Courts have recognized two common legal self-help strategies that some tenants choose to pursue following a mold outbreak in their apartment or rental home. The first, known as "rent withholding," is when tenants decide to stop paying rent, claiming the mold has made their apartment uninhabitable. (Note that regardless of what may appear in a written lease with tenants, landlords in Florida are bound by the "implied warranty of habitability," a legal doctrine that requires providing tenants with apartments in livable condition.) The second strategy, known as "repair and deduct," involves tenants taking care of mold cleanup on their own and then subtracting the cost from their rent.
See Florida Tenant Rights to Withhold Rent for more information about these strategies, including their limitations.
There is currently no federal law covering a landlord's responsibilities when it comes to mold. Also, Florida doesn't have any laws that specifically address a landlord's duties or liability when it comes to mold prevention and remediation.
However, tenants who believe they have been harmed by the presence of high concentrations of mold in their apartment can try to recover damages from their landlord in court to compensate them for their loss. If a judge or jury agrees that the landlord negligently created a mold problem or allowed one to continue at a property, the landlord could be on the hook for any harm.
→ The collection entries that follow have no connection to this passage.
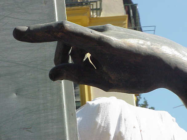 16 de Junio de 2005 Mi padre ( q.e.p,d) , tenia un amigo que se bebió la vida a grandes tragos, la verdad es que lo pasó muy bien; decía que cuando muriera, sacaria la mano de la ataud y diría : "! Ea! ahi os quedais", quizás el único problema es que no calculó v bien y vivio mas de lo que tenia previsto y su ancianidad le pasó factura de la magnífica vida que se habia pegado en su juventud y madurez.- No se porque , ayer al ver pasar el sepelio de la copia del Giraldillo, momificado, mas que amortajado en esta funda blanca , a alguien se le olvidó , envolverle la mano y pareciera o pareciese como si con la mano se despidiera de algunos haciendo, sin duda un extraño gesto, que entra dentro del mundo del misterio .- Quizás la copia del Giraldillo ha aprendido desde su privilegiada ubicación ,en la cuspide de la Giralda , que es una ciudad sucia, insegura, de un tráfico caótico, y que una calle si y la otra tambien estan en permanete obras, amen de que tenemos lo que tenemos en "Plaza Nueva" y "Virgen de los Reyes"; pero él sabia que era un impostor y que por encima de todo , los sevillanos tenemos y debemos que vender autenticidad. El formaba parte de un inadmisible decorado, por muy conseguido que este fuera .- Quizas desde su abono de palco , pedazo de palco con o sin ampliación de la Carrera Oficila ; veia y sufria las absurdas obras del Salvador y como se rayaba en el ridículo de cubrir un patio de los naranjos, con lo que el sabe de patios y de naranjos. De como año tras años se ha abierto por obras y cobrando ; con la cantidad de gente que ha visto aflojar la cartera , para entrar hasta la que ayer fue su casa y se han cerrado mañanas de Domingos de Ramos , Jueves Santos y mañanas de carretas que van para el Rocio .Tambien contempló desde su cuspide como de propina se caia a pedazos Santa Catalina , siendo la crónica de una muerte anunciada .Tambien estaba un poquito jarto de tanto palio p´arriba y tanto palio p´abajo, fuera de Semana Santa y se habra alegrado de quedarse con la seria imagen de ese imponente Catedratico entre cuatro hachones recortado las murallas del Alcanzar en su tiempo y hora , y no viendo cosas raras.- Quizas esa enigmática despedida iba dirigida a los que tienen como tienen y desde cuanto hace que la tienen la Encarnación ; o como nos han dejado la calle San Fernando con absurdos y faraonicos proyectos de desmontar , para volver a montar otra vez los cimientos de unas murallas, que las tenemos de pie en la Macarena ,paradogicamente abandonas y llena de mierda .- Quizas , él en su fuero interno sabia que tenia los dias contados del contrato basura de sustitución y en octubre de 2003 , vio a traves de las claraboyas y lucernarios de las Atarazanas, vio al Giraldillo original ,propietario de la plaza fija , que ya lo habia sacado de la UVI, que de la UVI lo llevaron a planta y que le habian dado el alta y gozaba de buena salud . Paradogicamente no comprendia como algunos , querian darle el puesto fijo a él, una copia del auténtico, con la antiguedad que tenia en el puesto.- Ayer , en el funeral de una Sevilla monumental
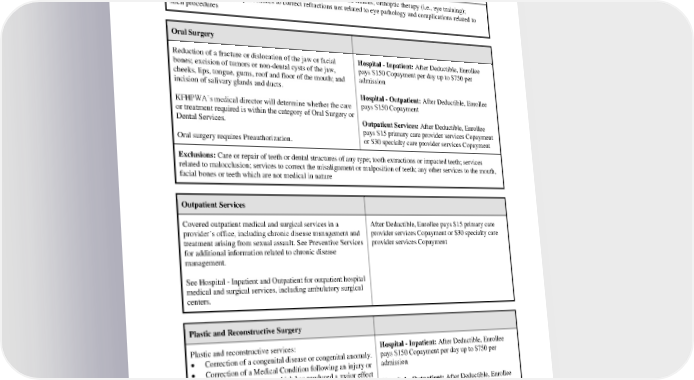 surgery, is covered only once within a 12-month period and only when needed due to a change in the Enrollee’s prescription. Replacement for loss or breakage is subject to the frames and Lenses benefit. Exclusions: Fees related to the lens fitting of non-network issued frames; orthoptic therapy (i.e., eye training); evaluations and surgical procedures to correct refractions not related to eye pathology and complications related to such procedures Oral Surgery Reduction of a fracture or dislocation of the jaw or facial Hospital - Inpatient: After Deductible, Enrollee bones; excision of tumors or non-dental cysts of the jaw, pays $150 Copayment per day up to $750 per cheeks, lips, tongue, gums, roof and floor of the mouth; and admission incision of salivary glands and ducts. Hospital - Outpatient: After Deductible, Enrollee KFHPWA’s medical director will determine whether the care pays $150 Copayment or treatment required is within the category of Oral Surgery or Dental Services. Outpatient Services: After Deductible, Enrollee pays $15 primary care provider services Copayment Oral surgery requires Preauthorization. or $30 specialty care provider services Copayment Exclusions: Care or repair of teeth or dental structures of any type; tooth extractions or impacted teeth; services related to malocclusion; services to correct the misalignment or malposition of teeth; any other services to the mouth, facial bones or teeth which are not medical in nature Outpatient Services Covered outpatient medical and surgical services in a After Deductible, Enrollee pays $15 primary care provider’s office, including chronic disease management and provider services Copayment or $30 specialty care treatment arising from sexual assault. See Preventive Services provider services Copayment for additional information related to chronic disease management. See Hospital - Inpatient and Outpatient for outpatient hospital medical and surgical services, including ambulatory surgical centers. Plastic and Reconstructive Surgery Plastic and reconstructive services: Hospital - Inpatient: After Deductible, Enrollee • Correction of a congenital disease or congenital anomaly. pays $150 Copayment per day up to $750 per • Correction of a Medical Condition following an injury or admission resulting from surgery which has produced a major effect on the Enrollee’s appearance, when in the opinion of Hospital - Outpatient: After Deductible, Enrollee KFHPWA’s medical director such services can pays $150 Copayment reasonably be expected to correct the condition. • Reconstructive surgery and associated procedures, Outpatient Services: After Deductible, Enrollee including internal breast prostheses, following a pays $15 primary care provider services Copayment mastectomy, regardless of when the mastectomy was or $30 specialty care provider services Copayment PEBB_CRCOB_2024 35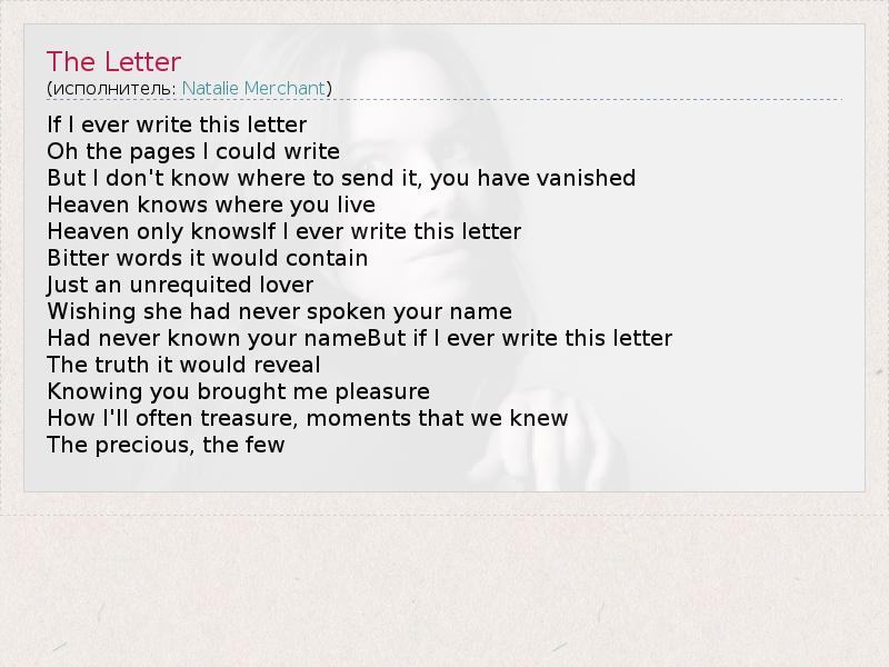 А как ты думаешь, о чем песня "The Letter" ?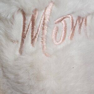Dluxe by Dearfoams Cream Plush Rubber Soled Super Mom in Pink Embroidery Memory Foam Slippers Size S 5-6.....Machine Washable and filled with Plush Poly and Memory Foam...Look so Warm and Comfy.....Brand New with Tags.....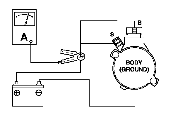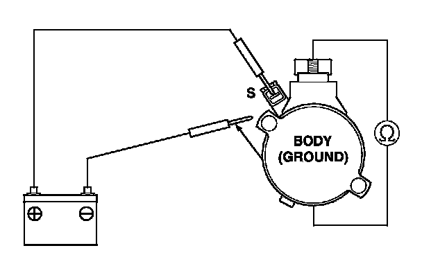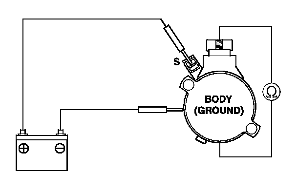 3. Connect the battery as shown, and check for continuity between the B terminal and the starter body. If there is continuity, it is working properly.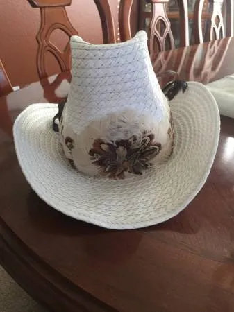 Beautiful white hat with feather design. Size 6.1/2. Brand new. In perfect condition. Call: 619-569-9995.
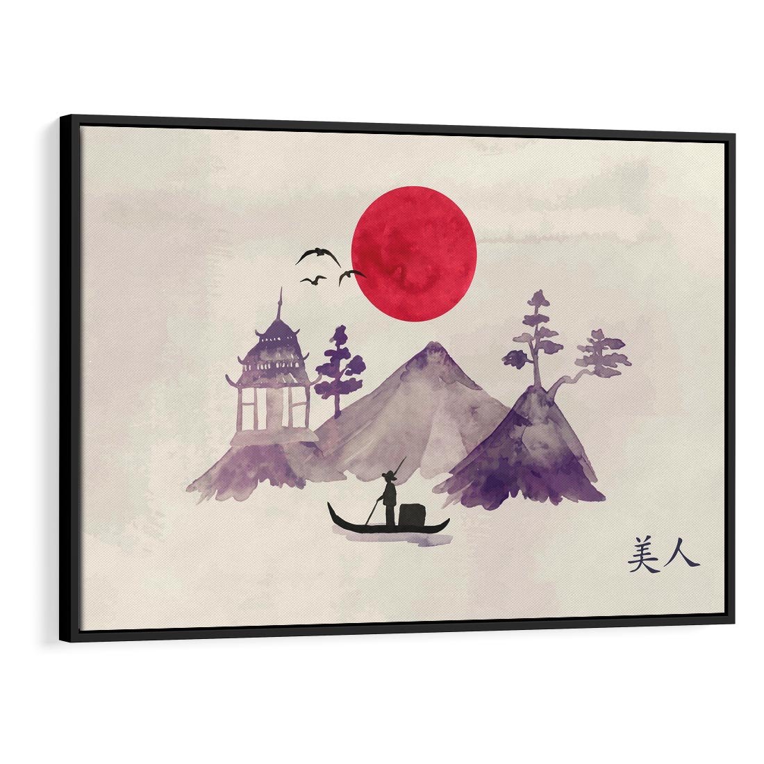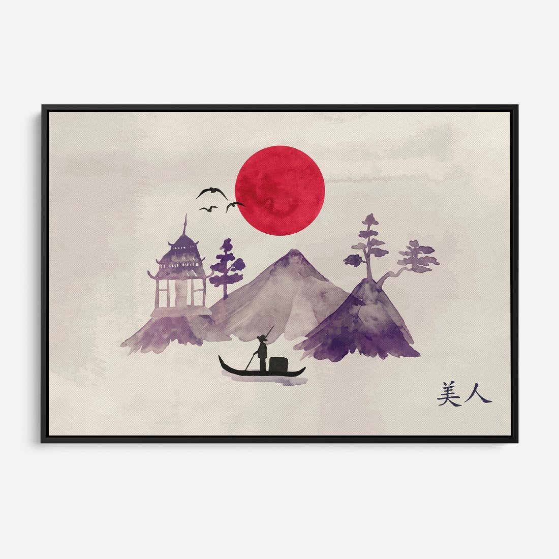 Ta urocza akwarela ukazuje japońską łódź na spokojnym jeziorze, z czerwonym słońcem na horyzoncie. Sztuka emanuje harmonią i spokojem, charakterystycznymi dla japońskiej sztuki. Przenosząc nas w magiczny świat natury, obraz ukazuje urok przyrody i zachodu słońca.

For example, a local news channel investigation uncovered tenants at an Orlando, Florida, apartment complex living with serious mold, leaks, and flooding issues, as well as damaged electrical outlets that posed a fire hazard. The city reportedly fined the landlord $15,000 per day for 31 violations of its health and safety code.
Florida doesn't have any statutes or regulations that require landlords to disclose high concentrations of mold in rental properties to prospective tenants or buyers. Also, while federal law requires disclosures about lead paint, it doesn't impose a similar duty on landlords when it comes to mold.
Aside from any affirmative disclosure requirement, however, if you decide to list a property for sale, you should be ready with responses to questions potential buyers might ask about plumbing, humidity, and ventilation issues in your building.
If you believe a departing tenant caused a mold problem (beyond ordinary wear and tear) in an apartment or rental unit, you may wish to deduct the cost of cleaning from that tenant's security deposit. Florida law allows landlords to do this, provided they give the tenant a required notice with written explanation of the mold damage costs (along with any other claimed damages) within 30 days of the tenant's lease termination. If the tenant doesn't object (within 15 days), then you must return the remainder of the deposit to the tenant within 30 days of the date of your written explanation. (Fla. Stat. §§ 83.49.)
Because so much is at stake, it's important to try to prevent a mold problem from growing in your rental property in the first place, as well as take prompt, effective action to remove excess mold that you discover.